Will Zohran Kwame Mamdani eventually restore Constitutional Equal Protection to New Yorkers?

NYC landlords aren’t big fans of almost-certain-to-be-incoming-mayor Zohran Kwame Mamdani. In particular, Mamdani’s promise to “freeze the rent”. “NYC Developers Gripped by Hysteria After Mamdani’s Sudden Rise” (Wall Street Journal):

New York City’s developers and landlords are in a mad scramble to block from City Hall the socialist who wants to freeze rent.

Mamdani is pushing for a host of housing changes to try to ease costs for renters. While he seems to have softened his stance toward working with private developers more recently, at the top of his list is still a controversial rent freeze on the city’s roughly 1 million rent-stabilized apartments.

I can’t figure out how the U.S. patchwork of government-controlled housing prices meets the Constitution’s Equal Protection clause. American A chooses to refrain from work and lives in public housing and pays $0/month. American B chooses to refrain from work and lives in rent-stabilized or rent-controlled housing and pays whatever housing cost back before 80 million migrants were invited into the U.S. (60 million through 2015). American C chooses to refrain from work and is forced to pay market rates, i.e., fight with over 300 million humans for scraps. What’s “equal” about the government giving these three equally idle humans radically different housing options and prices?

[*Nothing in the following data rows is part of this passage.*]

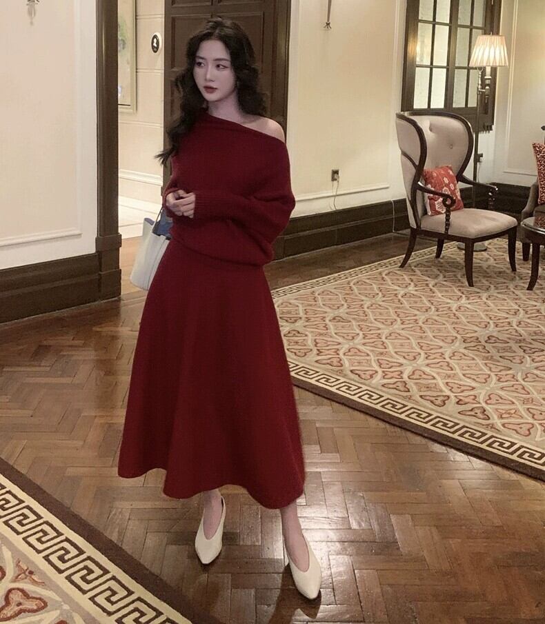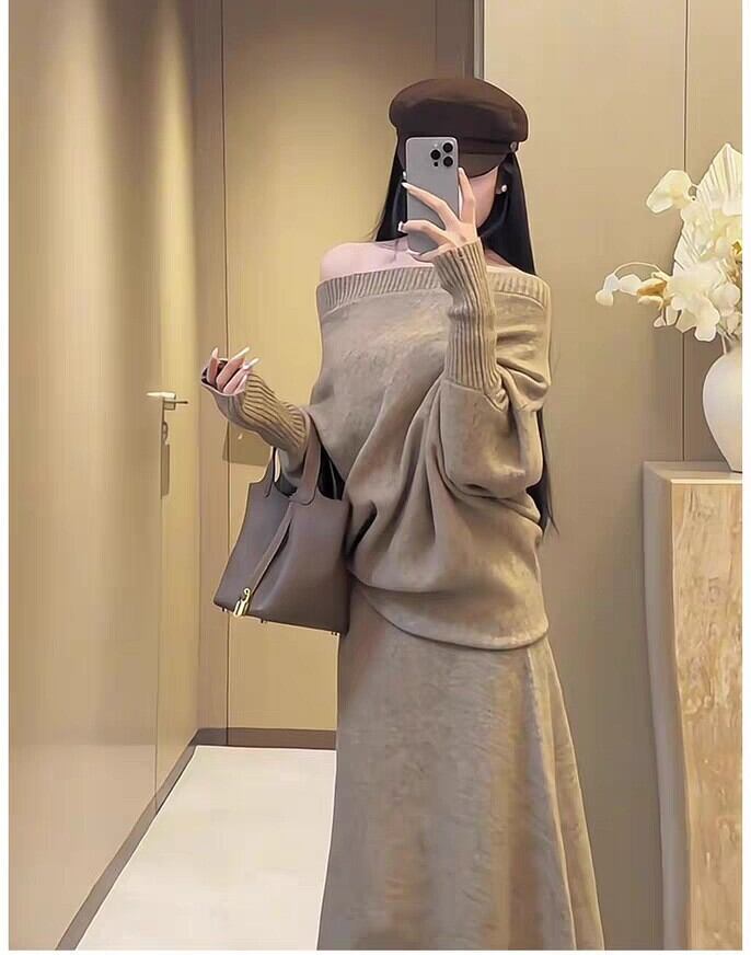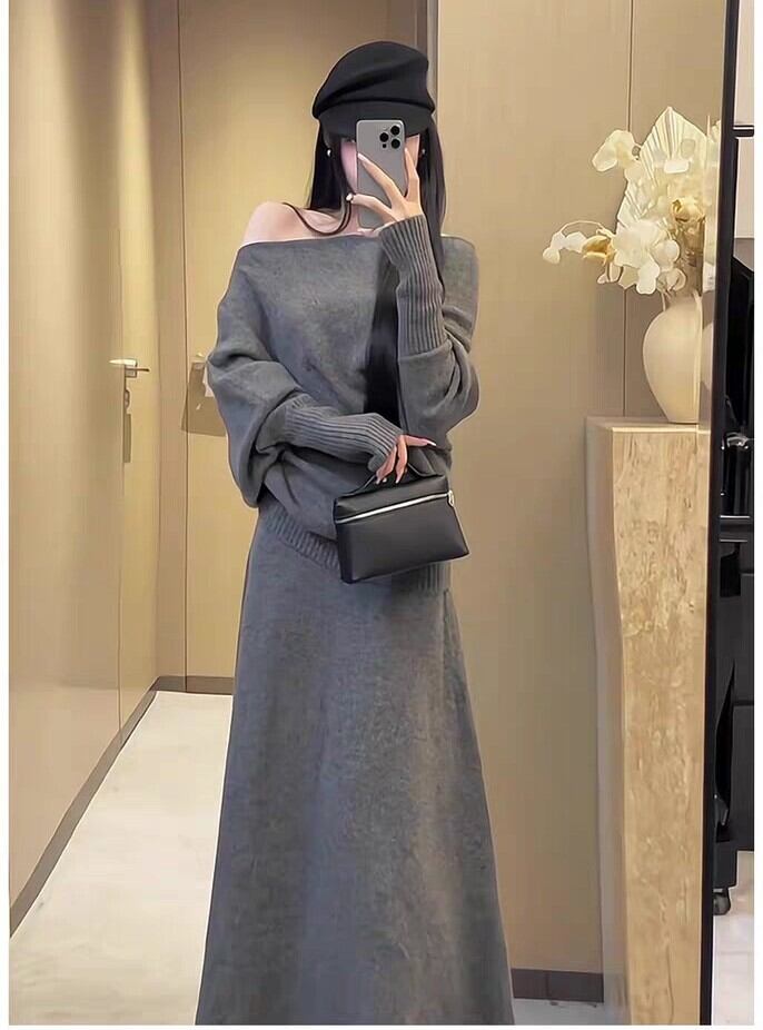 柔らかなニット素材で仕立てたトップスとスカートのセットアップが、秋冬の装いにほどよいこなれ感を添えます。オフショルダーやワンショルダーで着られるデザインとAラインのスカートがさりげなく女性らしさを演出します。
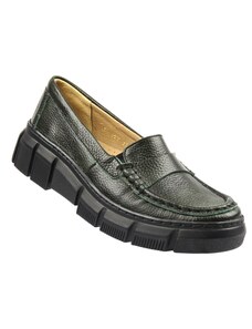 Wygodne damskie mokasyny ze skóry naturalnej Helios Komfort 659S, zielone
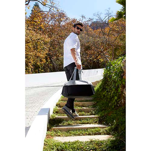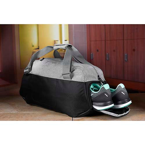 | Descripción: Bolsa principal con cierre, una bolsa interna con velcro y otra con cierre, una bolsa frontal con cierre y dos compartimentos internos, compartimento lateral para zapatos . Asas de mano ajustables. | |
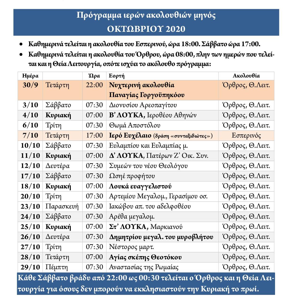 Πρόγραμμα ακολουθιών Οκτωβρίου 2020
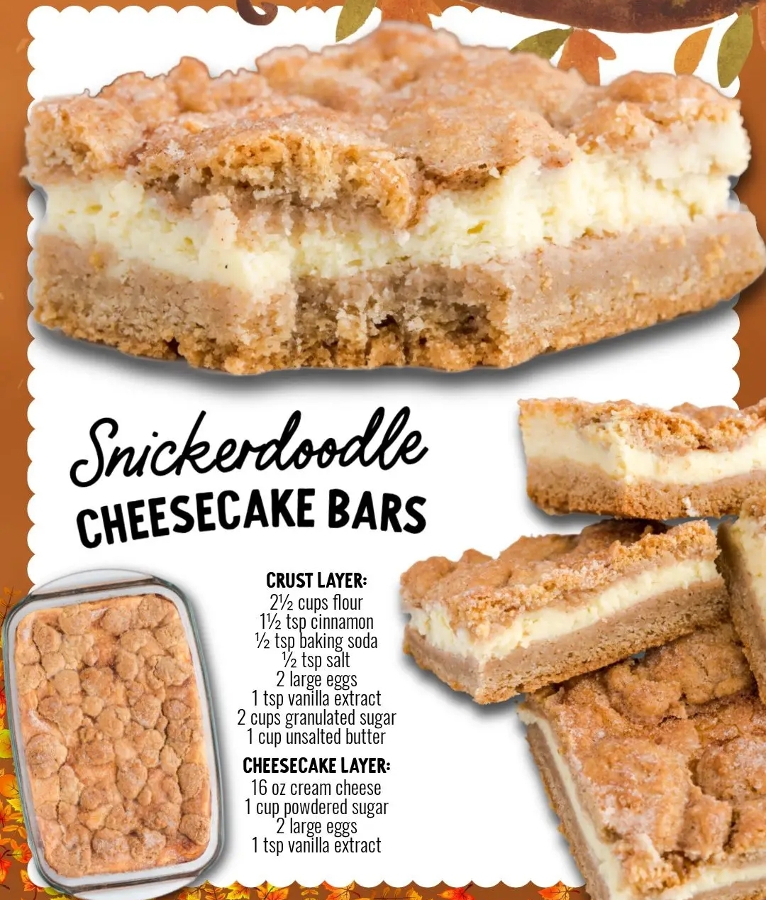 There’s something magical about fall baking. The air is crisp, the leaves are golden, and the kitchen fills with the warm aroma of cinnamon and sugar. These Snickerdoodle Cheesecake Bars combine two beloved desserts into one irresistible treat: the soft, spiced comfort of snickerdoodles and the rich creaminess of cheesecake.

It looks like Mayor Mamdani’s first act, after a huge Queers for Palestine rally, will be to freeze the rent on apartments that are already absurdly cheap compared to the market. But I wonder if that could just be a first step toward government control of all residential rents in New York City. If the government did step in to control rents on all NYC buildings that would be a tremendous step toward the Equal Protection that Americans are supposed to receive from their government.

We live in a democracy, otherwise known was “mob rule”. There are way more tenants than landlords. Nearly every American city is divided into those who are blessed by the government with free or cheap rent and those subjected to cruel market forces. Maybe suburban homeowners would feel some sympathy for landlords, but wouldn’t we expect a majority of voters in nearly every city to vote for government-set (low) rents? It seems like the kind of simple decision that voters in Maskachusetts earning less than $1 million/year were asked to make regarding raising tax rates on those earning more than $1 million/year (the constitutional amendment passed and, supposedly, the fatcats didn’t move).

2 thoughts on “Will Zohran Kwame Mamdani eventually restore Constitutional Equal Protection to New Yorkers?

  1. Rent control probably violates the 5th amendment’s taking clause. We have had a few cases make to the supreme court but none have been heard.